For the third time, Twitter had the opportunity to participate in Google Summer of Code (GSoC), and we wanted to share news on the resulting open source activities. Unlike many GSoC participating organizations that focus on a single ecosystem, Twitter has a variety of projects that span multiple programming languages and communities. They include:
Use zero-copy read path in @ApacheParquet
Sunyu Duan worked with mentors Julien Le Dem (@J_) and Gera Shegalov (@gerashegalov) on improving performance in Parquet by using the new ByteBuffer based APIs in Hadoop. As a result of the work over the summer, performance has improved up to 40% based on initial testing and the work will make its way into the next Parquet release.
A pluggable algorithm to choose next EventLoop in Netty
Jakob Buchgraber worked with mentor Norman Maurer (@normanmaurer) to add pluggable algorithm support to Netty’s event loop (see pull request). At the start of the summer when a new EventLoop was needed to register a Channel, EventLoopGroup implementations used a round-robin like algorithm to choose the next EventLoop. This was challenging because different events may become more busy than others over time, hence the need for Jakob’s project to support pluggable algorithms to increase performance.
Various compression codecs for Netty
Idel Pivnitskiy (@pivnitskiy) worked with mentor Trustin Lee (@trustin) to add multiple compression codes (LZ4, FastLZ and BZip2) to the Netty project. Compression codecs will allow cutting traffic and creating applications, which are able to transfer large amounts of data even more effectively and quickly.
Android Support For Pants
Mateo Rodriguez (@mateornaut) added Android support to the Pants build system (see commits) so Pants can build Android applications (APKs) on top of the many other languages and tools it supports.
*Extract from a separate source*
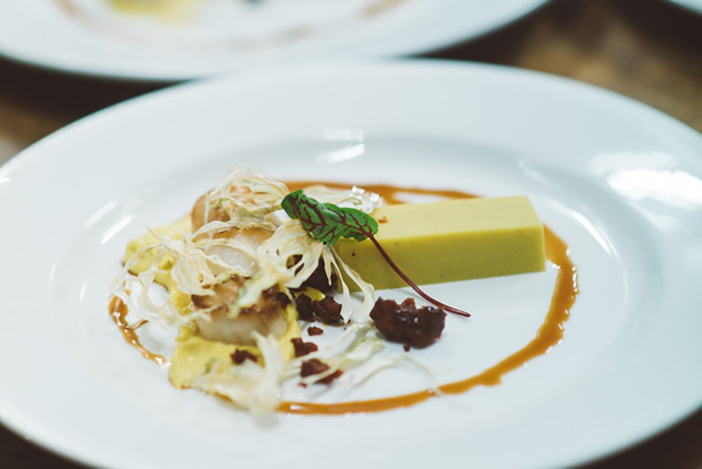 Seared scallop, sweet corn whip, chorizo crumble, caper butter (gf)

A pure ZooKeeper client for Finagle
Pierre-Antoine Ganaye (@pa-ganaye) was mentored by Evan Meagher (@evanm) to add a pure Apache ZooKeeper client to Finagle to improve performance (see project).
An SMTP client for Finagle
Lera Dymbitska (@suncelesta) worked with mentors Selvin George (@selvin) and Travis Brown (@travisbrown) to add SMTP protocol support to Finagle to improve performance (see pull request). Finagle strives to provide fully asynchronous protocol support so baking in SMTP support was required versus using third party libraries such as javamail and commons-email which are synchronous by design.
Analyze Wikipedia using Cassovary
Szymon Matejczyk (@szymonmatejczyk) worked with mentors Pankaj Gupta (@pankaj) and Ajeet Grewal (@ajeet) to enable Cassovary to analyze Wikipedia data. The result of this work improved the performance of Cassovary when dealing with large graphs. See the commits associated with the project to see how it was done.
We really enjoyed the opportunity to take part in GSoC again this year. Thanks again to our seven students, mentors and Google for the program. We hope to participate again next summer.
Chris Aniszczyk, Organization Administrator, Twitter